Here , we will see how to prevent PC's from getting hacked :
Most people think that hackers are only a problem for servers. This is not
true. If your Windows PC is not properly configured, everything on your computer can easily be stolen or destroyed by hackers.
Our network architecture is inherently hacker-resistant. However, because your PCs are directly connected to the Internet, hackers can bypass our servers and attack your PCs directly. Our firewall will help to some extent, but you must follow basic precautions if you want your data to be safe.
Viruses: It is impossible for the servers to get computer viruses, because they run Unix, which cannot be infected by viruses. A virus must be executed before it can infect a computer. On Windows, programs like Internet Explorer and Outlook often execute files without your knowledge, which is what causes most virus infections. However, these files (or any Windows program) cannot be executed on the server.
Some Windows viruses put copies of themselves on the server's shared disks. To the server, these are just ordinary files. The server is set up to periodically delete them to save space. They are not a problem unless you click on them.
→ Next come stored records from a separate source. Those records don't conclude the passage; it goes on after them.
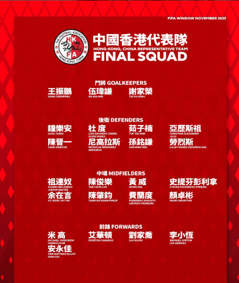 虎撲11月10日訊 中國香港足總今日發(fā)布了中國香港代表隊的大名單,多名中超、中甲球員入選名單。中國香港將于11月13日與柬埔寨進(jìn)行國際友誼賽,隨后于11月18日出戰2027年亞洲杯外圍賽第三輪的比賽(主場(chǎng)迎戰新加坡)。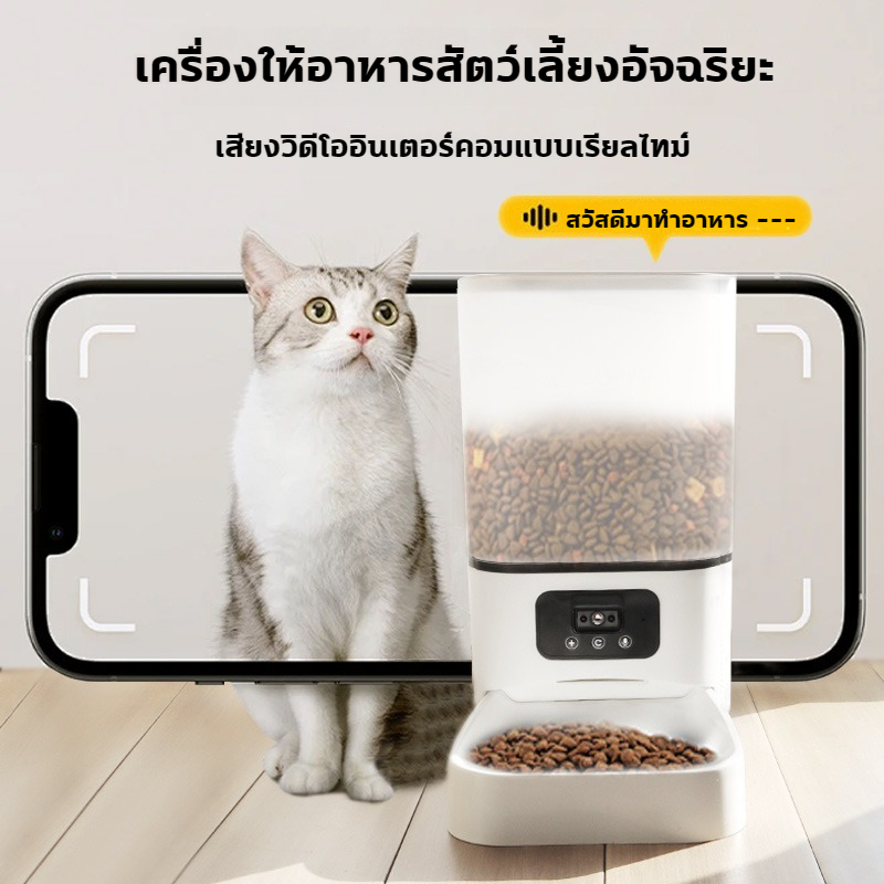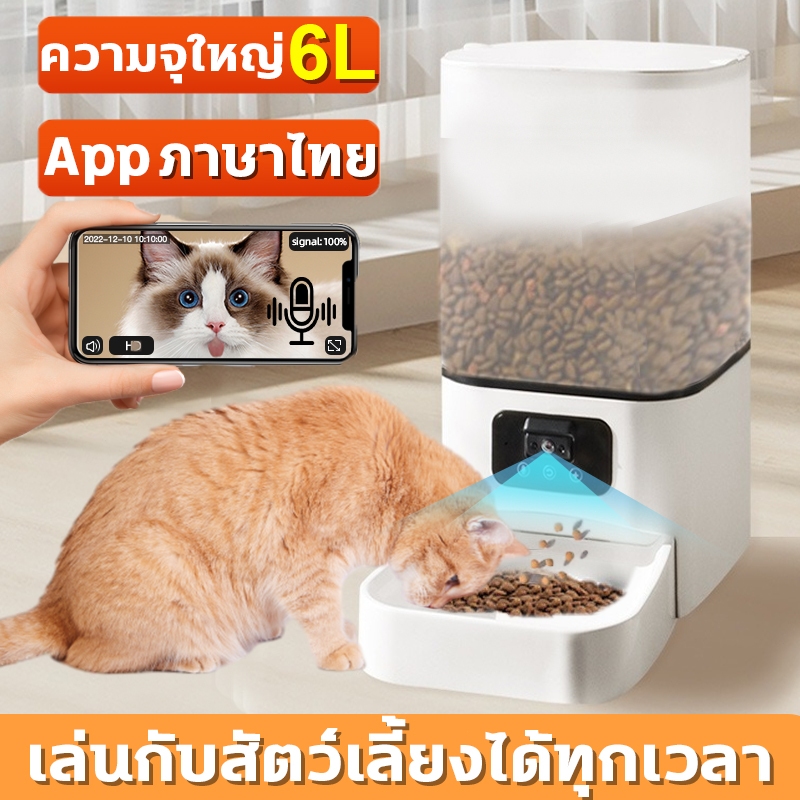 🐾6L เครื่องให้อาหารอัตโนมัติ🍲พร้อมกล้องวิดีโอ ชามข้าวแมว WiFi Camera ตั้งเวลาให้อาหาร Smart pet Feeder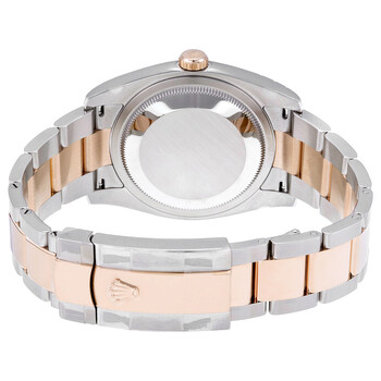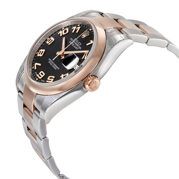 Stainless steel case with a stainless steel Rolex oyster bracelet with 18kt everose gold center links. Fixed domed 18kt everose gold bezel. Black concentric dial with rose gold-tone hands and Arabic numeral hour markers. Minute markers around the outer rim. Dial Type: Analog. Date display at the 3 o'clock position. Rolex calibre 3135 automatic movement with a 50-hour power reserve. Scratch resistant sapphire crystal. Screw down crown. Solid case back. Case size: 36 mm. Round case shape. Oysterlock clasp. Water resistant at 100 meters / 330 feet. Functions: date, hour, minute, second. Luxury watch style. Watch label: Swiss Made. Rolex Oyster Perpetual Datejust 36 Black Concentric Dial Stainless Steel and 18K Everose Gold Rolex Oyster Automatic Men's Watch 116201BKCAO.

Clicking is the root of all evil.
Here are some basic precautions to protect against hackers.
Here are some more tips:
- Goto windowsupdate.microsoft.com at least once a week and install all critical patches.
- Run an antivirus program at least once a week. Update your virus signature files every time you use it.
- Use a firewall such as Zone Alarm. (Some firewalls have had major security problems. Be sure you have the latest update)
- Check your computer for trojans by clicking on: http://security.symantec.com http://www.trojanscan.com
- Don't click on email attachments.
- Don't install Napster, Kazaa, ChainCast, or any software from an unknown source. The former will turn your computer into a server and the latter may contain trojans and viruses.
- Turn off sharing, especially on your C:\ and D:\ drive. This is very dangerous! If you must share a disk, make sure it requires a password. Otherwise, anyone in the Internet can use your computer to back up their files without your knowledge. Never share any folder without a password.
- Put a good password on your PC. If you have a password on your PC that is easy to guess, your computer can be easily taken over by hackers.
A bad password would be things like 'password', '12345', your name, license plate number, or any word that could be found in an English dictionary or a dictionary in your native language.
- Report any network slowness or strange computer behavior so it can be checked by me (if it's a network problem) or Brad (if it's a Windows or Mac problem).
- Windows PCs with static IP numbers are especially easy targets. You should always set "Obtain an IP address automatically" in Windows unless you are running a server and you are knowledgeable in computer security.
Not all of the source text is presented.